During the late 1700s, David was involved with a dispute between two Native Americans on his Rivesville farm. Morgan spotted two natives approaching his children, and managed to lead them away while the children fled to Prickett's Fort. The story was first covered in the United States Magazine, reported by Hugh Henry Brackenridge. David was memorialized when a monument dedicated to him was placed on the grave of one of the natives. David Morgan later served several terms as justice of the peace of Monongalia County. He later moved his family to Fairmont, and died in 1813.

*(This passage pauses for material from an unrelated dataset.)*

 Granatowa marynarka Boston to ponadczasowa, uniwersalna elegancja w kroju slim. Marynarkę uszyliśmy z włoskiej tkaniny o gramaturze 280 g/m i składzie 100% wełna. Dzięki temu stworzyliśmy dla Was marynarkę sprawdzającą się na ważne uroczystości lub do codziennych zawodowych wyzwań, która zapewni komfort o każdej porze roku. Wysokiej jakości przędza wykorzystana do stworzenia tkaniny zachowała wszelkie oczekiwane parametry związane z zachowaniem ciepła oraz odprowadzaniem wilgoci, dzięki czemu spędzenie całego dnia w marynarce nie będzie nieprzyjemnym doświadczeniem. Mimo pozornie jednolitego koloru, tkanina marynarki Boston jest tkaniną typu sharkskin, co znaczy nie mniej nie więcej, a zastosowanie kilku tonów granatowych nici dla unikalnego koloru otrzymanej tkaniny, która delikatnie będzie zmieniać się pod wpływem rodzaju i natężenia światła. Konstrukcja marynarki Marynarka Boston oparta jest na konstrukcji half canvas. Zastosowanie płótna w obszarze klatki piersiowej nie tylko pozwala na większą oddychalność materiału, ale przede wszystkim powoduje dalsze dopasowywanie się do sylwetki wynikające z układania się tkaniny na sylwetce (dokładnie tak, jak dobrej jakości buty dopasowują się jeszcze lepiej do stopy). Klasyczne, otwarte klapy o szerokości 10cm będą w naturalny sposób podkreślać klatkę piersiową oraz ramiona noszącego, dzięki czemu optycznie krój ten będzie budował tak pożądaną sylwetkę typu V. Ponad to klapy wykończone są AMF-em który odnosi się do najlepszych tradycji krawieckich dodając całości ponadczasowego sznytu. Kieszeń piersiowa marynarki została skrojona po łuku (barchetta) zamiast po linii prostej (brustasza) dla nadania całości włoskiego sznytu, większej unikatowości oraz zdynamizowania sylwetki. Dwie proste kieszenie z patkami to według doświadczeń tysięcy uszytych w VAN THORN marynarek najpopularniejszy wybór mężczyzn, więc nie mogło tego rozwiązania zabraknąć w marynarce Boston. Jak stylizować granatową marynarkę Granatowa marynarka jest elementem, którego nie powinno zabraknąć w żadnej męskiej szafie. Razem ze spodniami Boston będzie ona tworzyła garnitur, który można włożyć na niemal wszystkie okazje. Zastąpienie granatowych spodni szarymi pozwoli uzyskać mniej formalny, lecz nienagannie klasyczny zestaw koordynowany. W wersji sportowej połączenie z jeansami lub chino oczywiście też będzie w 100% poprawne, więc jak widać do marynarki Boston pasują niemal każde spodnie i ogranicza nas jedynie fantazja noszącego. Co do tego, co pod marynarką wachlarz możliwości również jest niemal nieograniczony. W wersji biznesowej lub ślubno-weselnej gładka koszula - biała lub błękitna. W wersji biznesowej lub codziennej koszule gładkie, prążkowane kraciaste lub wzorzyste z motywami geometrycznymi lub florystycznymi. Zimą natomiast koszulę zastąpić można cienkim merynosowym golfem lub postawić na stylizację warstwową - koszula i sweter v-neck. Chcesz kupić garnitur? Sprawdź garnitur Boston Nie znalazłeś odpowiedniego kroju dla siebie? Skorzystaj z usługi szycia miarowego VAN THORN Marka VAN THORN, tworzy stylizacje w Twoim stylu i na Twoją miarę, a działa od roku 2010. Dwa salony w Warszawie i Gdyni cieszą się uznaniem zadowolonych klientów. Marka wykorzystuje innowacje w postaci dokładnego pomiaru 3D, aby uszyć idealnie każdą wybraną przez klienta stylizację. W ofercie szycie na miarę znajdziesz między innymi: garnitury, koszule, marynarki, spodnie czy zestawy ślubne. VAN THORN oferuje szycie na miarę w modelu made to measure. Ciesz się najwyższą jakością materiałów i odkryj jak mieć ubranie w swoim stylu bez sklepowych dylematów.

David's brother Zackwell served in the American Revolutionary War. He served in the battles of Saratoga. Following the war, he founded two towns, Pleasantville (now Rivesville), and Morgantown.

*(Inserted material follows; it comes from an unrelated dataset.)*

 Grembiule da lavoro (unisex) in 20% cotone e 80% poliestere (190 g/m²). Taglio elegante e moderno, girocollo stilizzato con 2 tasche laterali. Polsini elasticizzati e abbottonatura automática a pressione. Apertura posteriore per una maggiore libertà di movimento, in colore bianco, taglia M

=== Civil war (1820 - 1865) ===
George P. Morgan (1820 - 1861), a farmer, miner, inventor, and slave owner began construction of his house in 1857 and it was completed between 1857 and 1860. His house was being built at the same time as 3 other relatives, Albert Morgan, Henry Morgan, and John Morgan. At the time of the American Civil war, the Morgan family considered themselves to be Confederates. George served in the war, but was caught in a skirmish at Camp Bartow, and extradited to Camp Chase, Ohio. He died at the camp in 1861.

Following his death, George's wife Catherine Neeson completed the house. She lived with her 3 children, none of whom were ever married. However, they did adopt a young boy, Walter Curnutte, who lived there until his death in 1975.

=== Restoration and NRHP listing ===
In 1999, Jim Rote purchased the house and renovated it for 13 years.

It was listed on the National Register of Historic Places in 2003.